This exercise calls for the line with "其次,邱漢橋的畫作在技法上獨", the line with "检测人员在对食用油进行抽样检查", and all lines between them in the material below, output exactly and with no other lines.
[[ Material provided, beginning ]]
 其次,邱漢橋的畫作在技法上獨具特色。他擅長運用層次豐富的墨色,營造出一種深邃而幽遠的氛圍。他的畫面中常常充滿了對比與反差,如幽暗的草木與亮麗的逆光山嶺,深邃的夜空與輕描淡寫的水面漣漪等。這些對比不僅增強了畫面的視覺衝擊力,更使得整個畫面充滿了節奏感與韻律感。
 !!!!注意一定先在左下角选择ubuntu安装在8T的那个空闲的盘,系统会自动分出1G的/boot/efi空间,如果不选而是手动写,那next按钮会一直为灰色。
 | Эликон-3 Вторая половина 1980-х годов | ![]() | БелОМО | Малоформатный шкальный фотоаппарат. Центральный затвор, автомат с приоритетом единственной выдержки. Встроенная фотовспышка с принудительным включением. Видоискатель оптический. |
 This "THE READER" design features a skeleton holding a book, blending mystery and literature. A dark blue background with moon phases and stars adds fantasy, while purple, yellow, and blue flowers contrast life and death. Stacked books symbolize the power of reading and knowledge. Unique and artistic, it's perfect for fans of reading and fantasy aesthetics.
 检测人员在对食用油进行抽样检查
[[ Material provided, end ]]
[[ Material provided, beginning ]]
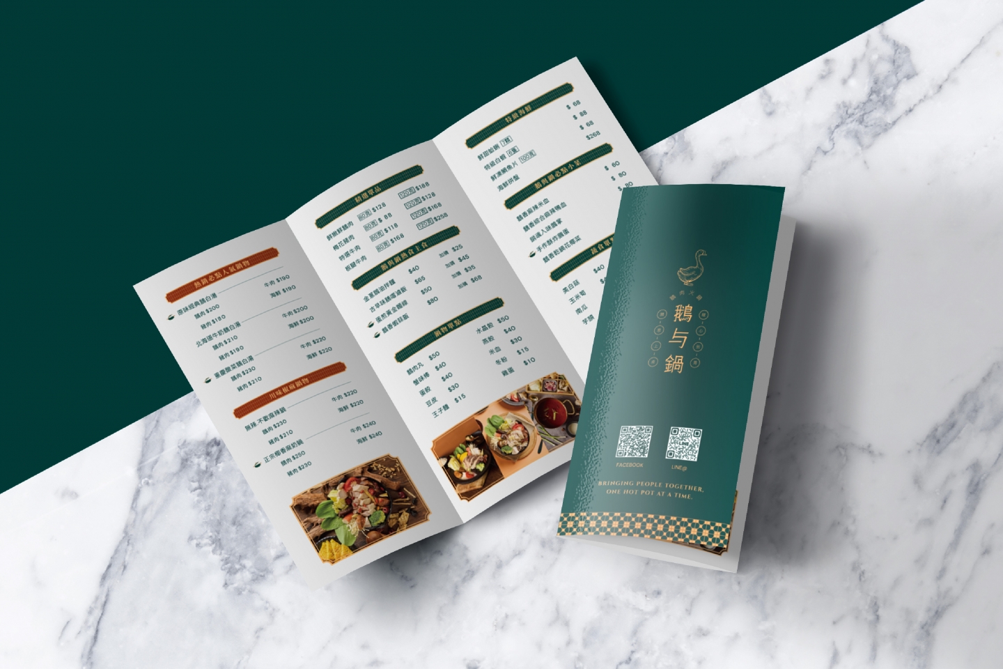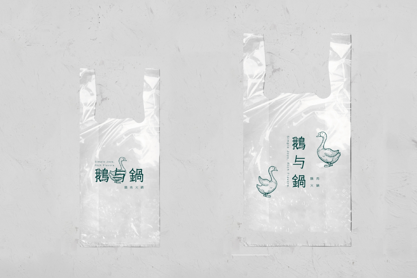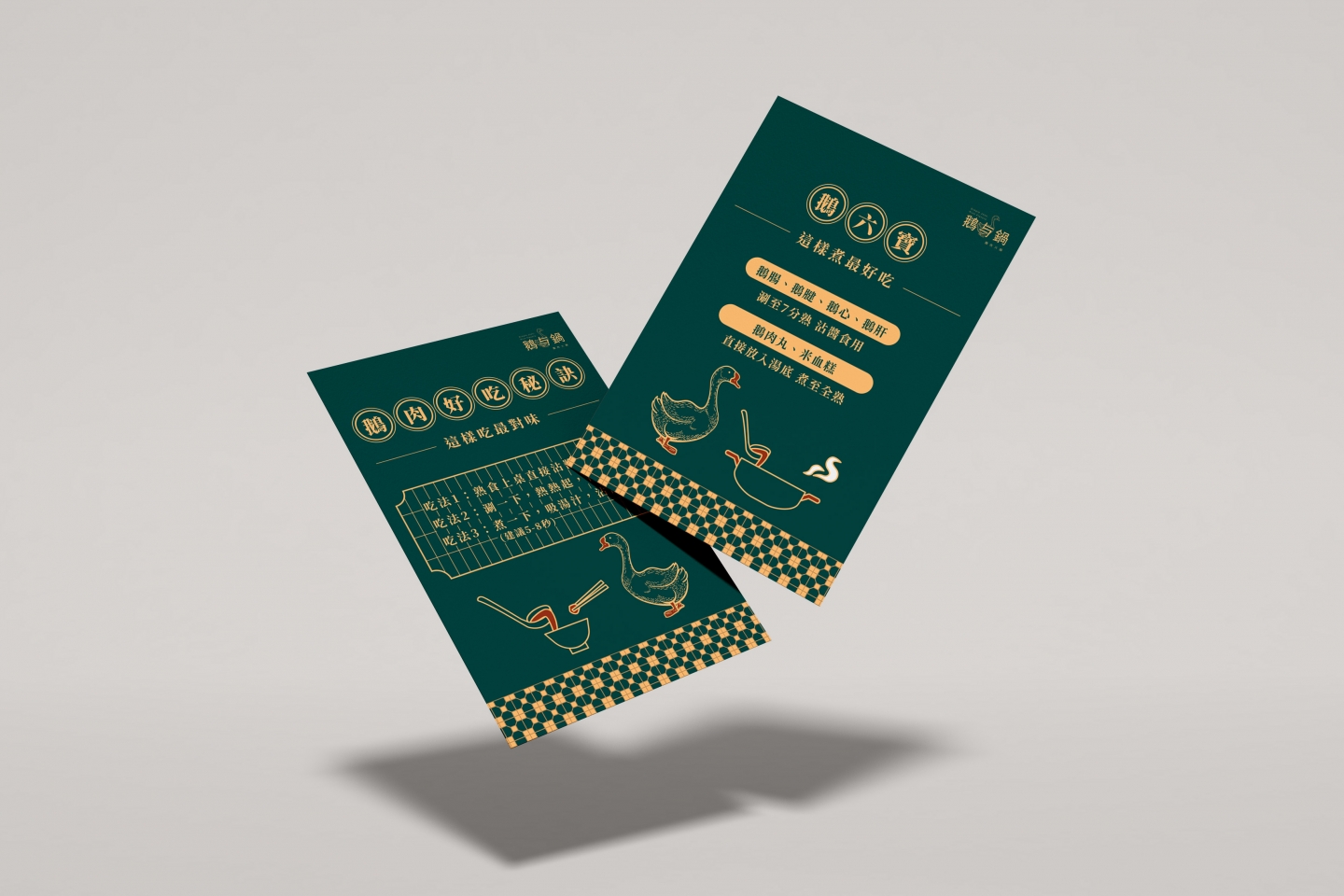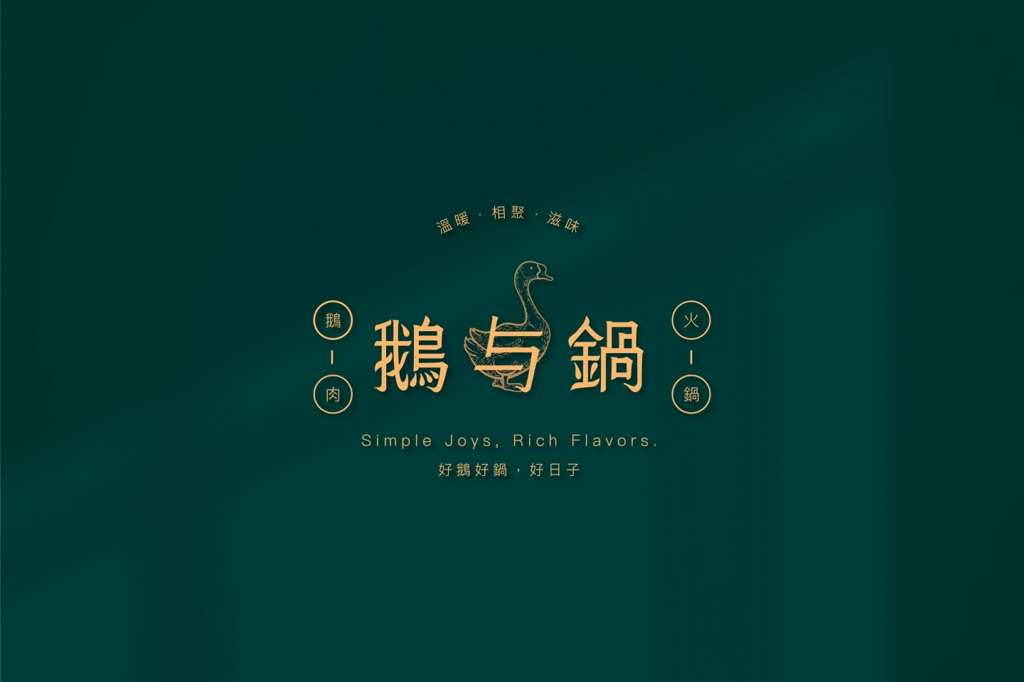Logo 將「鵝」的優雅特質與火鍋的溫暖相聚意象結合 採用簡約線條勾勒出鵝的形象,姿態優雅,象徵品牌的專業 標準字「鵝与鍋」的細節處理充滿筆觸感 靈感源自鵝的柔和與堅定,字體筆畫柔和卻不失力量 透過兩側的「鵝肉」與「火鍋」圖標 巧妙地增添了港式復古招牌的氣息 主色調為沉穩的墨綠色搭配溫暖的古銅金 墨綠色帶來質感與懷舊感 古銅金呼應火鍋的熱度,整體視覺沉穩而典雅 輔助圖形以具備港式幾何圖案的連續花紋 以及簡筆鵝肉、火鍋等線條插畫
[[ Material provided, end ]]
◆ **Solution to this task**:
 其次,邱漢橋的畫作在技法上獨具特色。他擅長運用層次豐富的墨色,營造出一種深邃而幽遠的氛圍。他的畫面中常常充滿了對比與反差,如幽暗的草木與亮麗的逆光山嶺,深邃的夜空與輕描淡寫的水面漣漪等。這些對比不僅增強了畫面的視覺衝擊力,更使得整個畫面充滿了節奏感與韻律感。
 !!!!注意一定先在左下角选择ubuntu安装在8T的那个空闲的盘,系统会自动分出1G的/boot/efi空间,如果不选而是手动写,那next按钮会一直为灰色。
 | Эликон-3 Вторая половина 1980-х годов | ![]() | БелОМО | Малоформатный шкальный фотоаппарат. Центральный затвор, автомат с приоритетом единственной выдержки. Встроенная фотовспышка с принудительным включением. Видоискатель оптический. |
 This "THE READER" design features a skeleton holding a book, blending mystery and literature. A dark blue background with moon phases and stars adds fantasy, while purple, yellow, and blue flowers contrast life and death. Stacked books symbolize the power of reading and knowledge. Unique and artistic, it's perfect for fans of reading and fantasy aesthetics.
 检测人员在对食用油进行抽样检查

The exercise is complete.